Neb. lawmakers want to give voters chance to ax treasurer’s office, say it could save money

By Nate Jenkins, AP
Tuesday, March 9, 2010

Neb. voters may get chance to cut treasurer’s job

LINCOLN, Neb. — Nebraska lawmakers want to put the state treasurer’s office on the chopping block.

On Tuesday, they easily gave first-round approval to a measure that would go before voters in the November general election. If approved then, the office now held by Shane Osborn and that has been a stepping stone to higher office would be eliminated in 2015.

“From what I’ve heard, people are fed up with us not streamlining government,” said Sen. Galen Hadley of Kearney. “Give it to the people to tell us yes or no.”

It’s unclear how much money, if any, would be saved by getting rid of the office that has existed for about 155 years.
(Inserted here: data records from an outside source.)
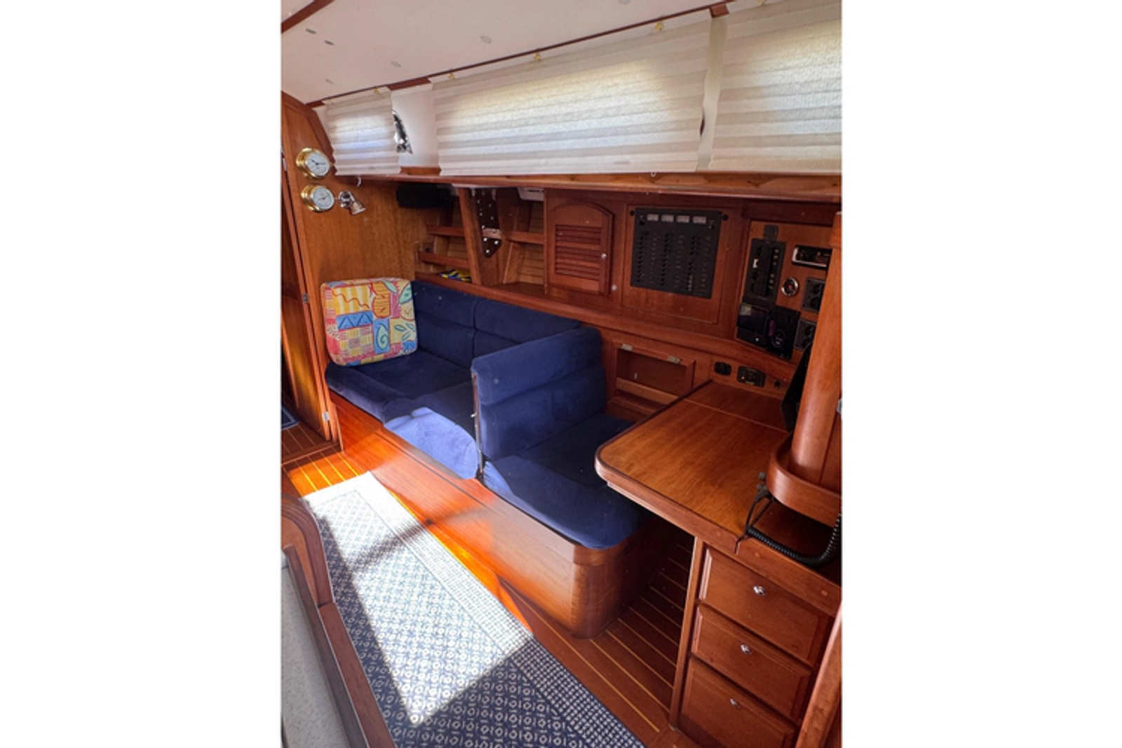 •Teak cockpit table with cushioned seating
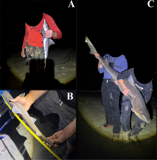 Ziani, N., Soranzo, T., Jambura, P.L. et al. 2025. Record-sized female smooth-hound (Mustelus sp.) captured in Corsican waters and preliminary observations on feeding on the invasive blue crab Callinectes sapidus.
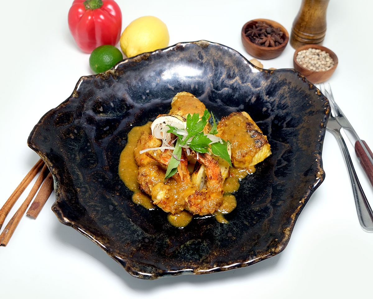 A trio of grilled prawns, squid, and fish fillet, infused with aromatic Balinese spices, served with choice of three rice
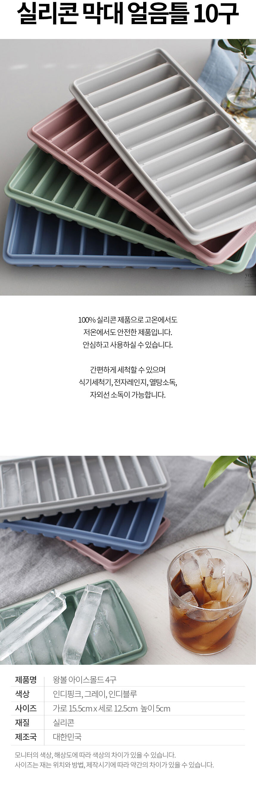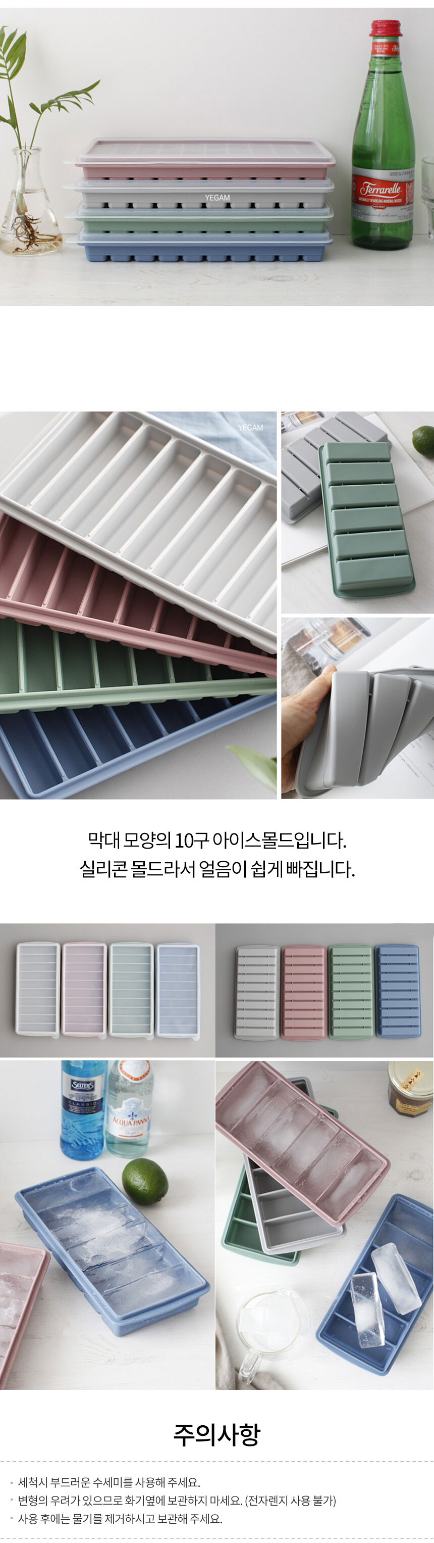 리빙안 긴 막대 실리콘 얼음틀 아이스몰드 10구

At the least, the salary and benefits of the officeholder — about $117,000 — would be taken off the state’s financial books, said Sen. Dennis Utter of Hastings, who introduced the measure.

But Utter is confident that the state would save significantly more because existing state agencies could assume some of the duties without making many changes. In addition, he argued, the office isn’t needed because it doesn’t have any policymaking power.

During the debate on Tuesday, state Sen. Tom Carlson of Holdrege said Utter must be assuming that the current state treasurer “isn’t doing anything.” ”You don’t want to go there,” he said to Utter.

Said Utter: “I’m not going there … but I’m not arguing that.”

Osborn vehemently disagrees even though he isn’t seeking re-election. One of the primary jobs of the office is returning to people unclaimed property such as uncashed payroll checks and gift cards. The office has returned about $43.5 million since Osborn took office in 2007.

The office also acts as the state’s banker, receiving and disbursing state revenue, and does the same with child-support payments.

“It’s important for people to have a person who they elected directly overseeing their finances,” Osborn said. “Yes, a bureaucrat could perform” some of the duties, “but I think having someone directly accountable … makes the people involved with their government.”

“The agencies don’t respond as well to … bureaucrats, as they do a constitutional officer,” he added later.

Currently, treasurers are elected in 37 states and Utter said seven states don’t have a treasurer. In some other states, legislatures select treasurers, and in some they are appointed by governors.

The treasurer’s office currently has about 50 employees and a budget of $26.5 million. Utter said about $5.5 million of that goes to administration, and he believes some of that cost could be eliminated by axing the office.

Some lawmakers have their doubts that there will be savings, saying that that cutting the office could actually enlarge state government.

“I think they’re going to expand other areas of government to handle the duties,” said Sen. Charlie Janssen of Fremont.

The proposed constitutional amendment must still pass two more rounds of debate before going before voters.